__REQUIREMENT__. The answer must be an exact copy of the records, with no pictures in it.

__Records excerpted from a collection__.
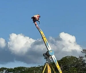 El juego de kamikaze, en el que se quedó colgada una joven por varios minutos, fue clausurado en Canindeyú. La mujer vivió momentos de terror debido a que se le desprendió el cinturón de seguridad por un error del maquinista.
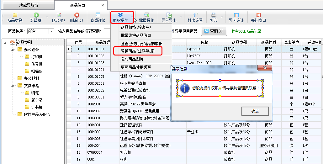 信管飛RMS、信管飛倉庫管理軟件、信管飛送貨單軟件等支持設置多個操作員登錄軟件,對登錄的操作員軟件可控制操作員權限。開單過程中可能存在單據商品信息輸入錯誤現象,可在基礎資料—》商品信息中對錯誤商品進行替換。為避免多個操作員重復替換出錯,可設置操作員不可批量替換商品(業務單據)的權限,指定一個操作員允許操作。 本文以信管飛送貨
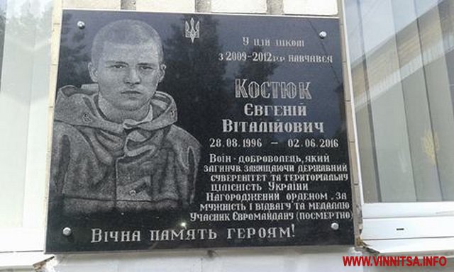 25 травня у Вінниці на будівлі загальноосвітньої школи №11 відкрили меморіальну дошку загиблому бійцю АТО Євгену Костюку.
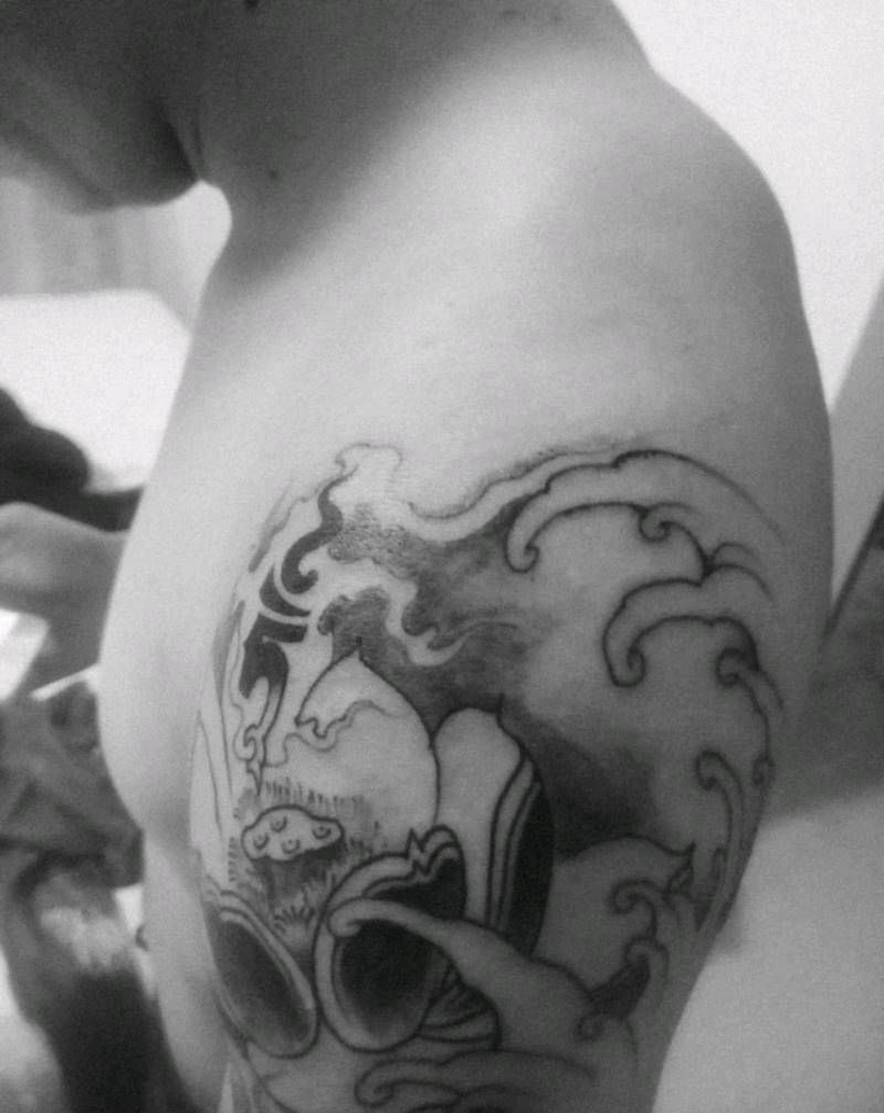 当前位置: 首页 >云南省红河哈尼族彝族自治州纹身店-刺痛刺青纹身图案>添加水浪 莲花纹身图片
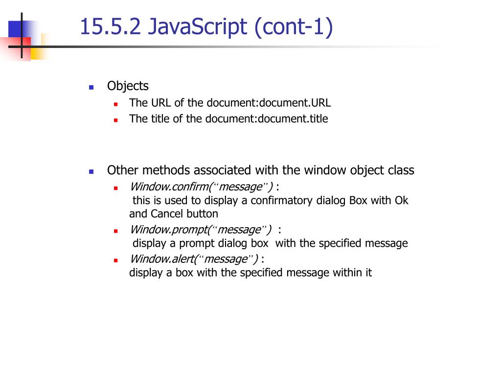 15.5.2 JavaScript (cont-1) • Objects • The URL of the document:document.URL • The title of the document:document.title • Other methods associated with the window object class • Window.confirm(“message”) : this is used to display a confirmatory dialog Box with Ok and Cancel button • Window.prompt(“message”) : display a prompt dialog box with the specified message • Window.alert(“message”) : display a box with the specified message within it
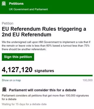 La petición ha sido alojada en la web del Parlamento británico, que se compromete a debatir la cuestión si se alcanzan 100.000 firmas. Hasta el momento ha reunido más de 4.127.000 firmas, pero algunas de ellas se han descartado ya por proceder del extranjero.
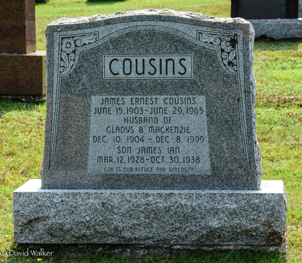 Inscription: COUSINS / James Ernest Cousins / June 15, 1903 - June 29, 1965 / Husband of Gladys B. MacKenzie / Dec. 10, 1904 - Dec. 8, 1999 / Son James Ian / Mar. 12, 1928 - Oct. 30, 1938 / God is our refuge and strength.4  Tombstone, James Ernest Cousins (1903-1965), husband of Gladys B. MacKenzie (1904-1999), their son James Ian (1928-1938). Presbyterian/United Cemetery, Hunter River, Queens County, Prince Edward Island, Canada.
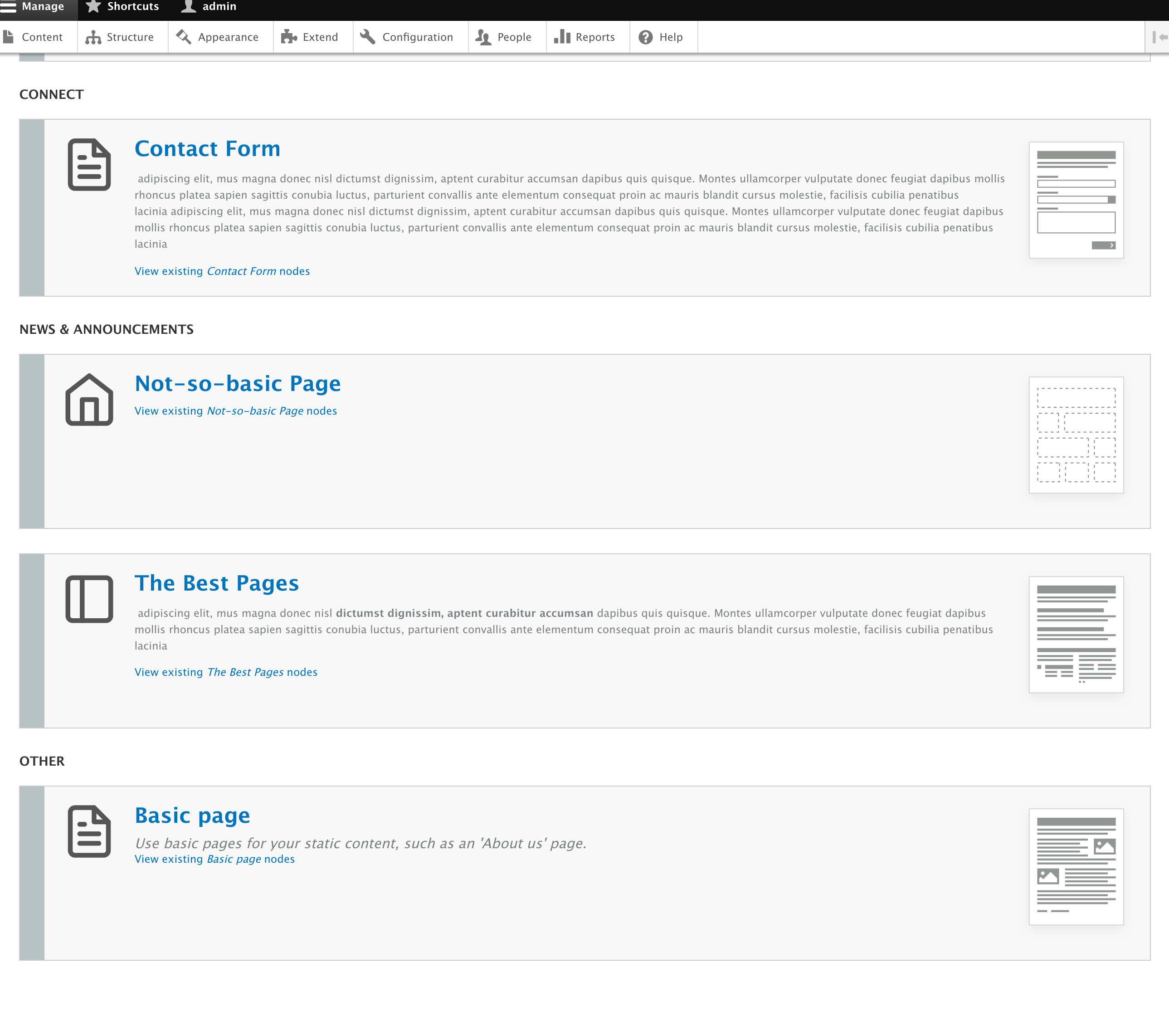 This module helps sites with a large number of content types to improve the usability of the Content -> Add page.
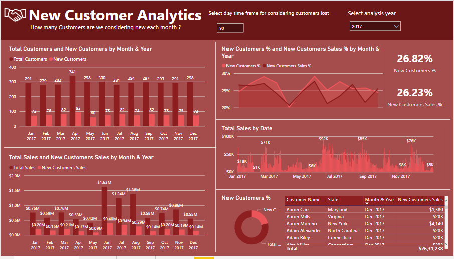 This report gives analytics about New Customer Sales, Lost Customers and Total Sales.
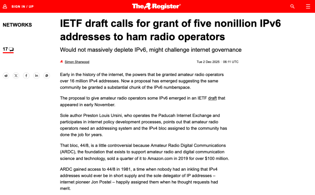 Amateur Radio Digital Communications (ARDC) is a private foundation that exists to support amateur radio and digital communication science and technology. We do this through making grants (including support for scholarship programs and research & development projects) and managing 44Net.
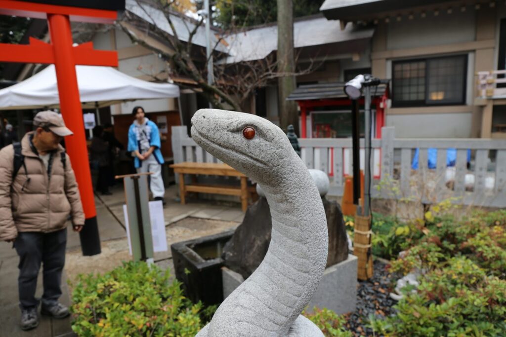 蛇窪神社は、白蛇様が祀られ、お参りをすることで金運上昇、立身出世といったご神徳を授かれるということでへび年には大人気です。さっそく銭洗いをして金運アップ、蛇窪竜神をお参りして「巳が龍(みがたつ)」=立身出世の御利益をいただきました。
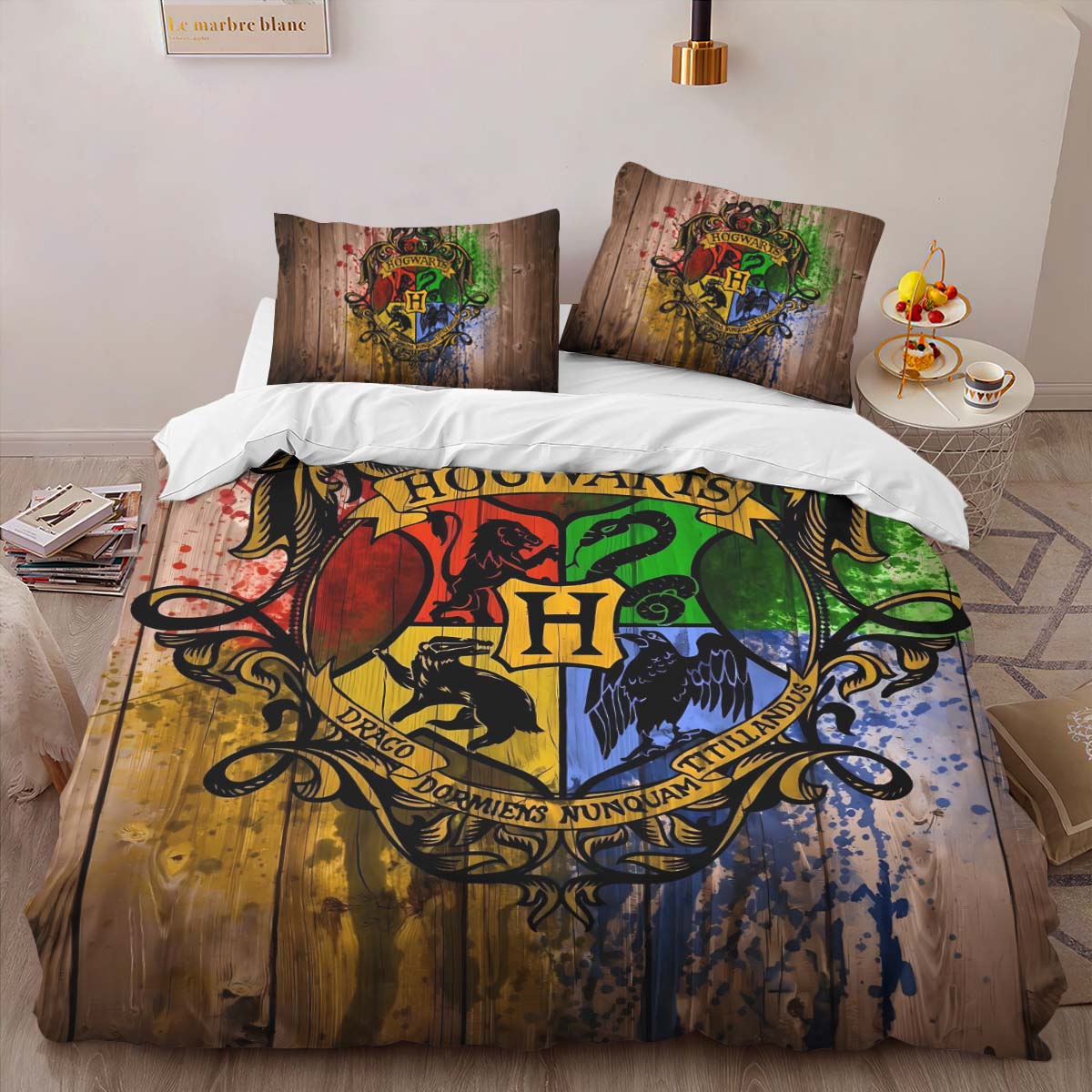 Housse De Couette Harry Potter École de Poudlard et les Quatre Maisons Parure de lit Ensemble De Literie

__FINISHED EXERCISE__.
 El juego de kamikaze, en el que se quedó colgada una joven por varios minutos, fue clausurado en Canindeyú. La mujer vivió momentos de terror debido a que se le desprendió el cinturón de seguridad por un error del maquinista.
 信管飛RMS、信管飛倉庫管理軟件、信管飛送貨單軟件等支持設置多個操作員登錄軟件,對登錄的操作員軟件可控制操作員權限。開單過程中可能存在單據商品信息輸入錯誤現象,可在基礎資料—》商品信息中對錯誤商品進行替換。為避免多個操作員重復替換出錯,可設置操作員不可批量替換商品(業務單據)的權限,指定一個操作員允許操作。 本文以信管飛送貨
 25 травня у Вінниці на будівлі загальноосвітньої школи №11 відкрили меморіальну дошку загиблому бійцю АТО Євгену Костюку.
 当前位置: 首页 >云南省红河哈尼族彝族自治州纹身店-刺痛刺青纹身图案>添加水浪 莲花纹身图片
 15.5.2 JavaScript (cont-1) • Objects • The URL of the document:document.URL • The title of the document:document.title • Other methods associated with the window object class • Window.confirm(“message”) : this is used to display a confirmatory dialog Box with Ok and Cancel button • Window.prompt(“message”) : display a prompt dialog box with the specified message • Window.alert(“message”) : display a box with the specified message within it
 La petición ha sido alojada en la web del Parlamento británico, que se compromete a debatir la cuestión si se alcanzan 100.000 firmas. Hasta el momento ha reunido más de 4.127.000 firmas, pero algunas de ellas se han descartado ya por proceder del extranjero.
 Inscription: COUSINS / James Ernest Cousins / June 15, 1903 - June 29, 1965 / Husband of Gladys B. MacKenzie / Dec. 10, 1904 - Dec. 8, 1999 / Son James Ian / Mar. 12, 1928 - Oct. 30, 1938 / God is our refuge and strength.4  Tombstone, James Ernest Cousins (1903-1965), husband of Gladys B. MacKenzie (1904-1999), their son James Ian (1928-1938). Presbyterian/United Cemetery, Hunter River, Queens County, Prince Edward Island, Canada.
 This module helps sites with a large number of content types to improve the usability of the Content -> Add page.
 This report gives analytics about New Customer Sales, Lost Customers and Total Sales.
 Amateur Radio Digital Communications (ARDC) is a private foundation that exists to support amateur radio and digital communication science and technology. We do this through making grants (including support for scholarship programs and research & development projects) and managing 44Net.
 蛇窪神社は、白蛇様が祀られ、お参りをすることで金運上昇、立身出世といったご神徳を授かれるということでへび年には大人気です。さっそく銭洗いをして金運アップ、蛇窪竜神をお参りして「巳が龍(みがたつ)」=立身出世の御利益をいただきました。
 Housse De Couette Harry Potter École de Poudlard et les Quatre Maisons Parure de lit Ensemble De Literie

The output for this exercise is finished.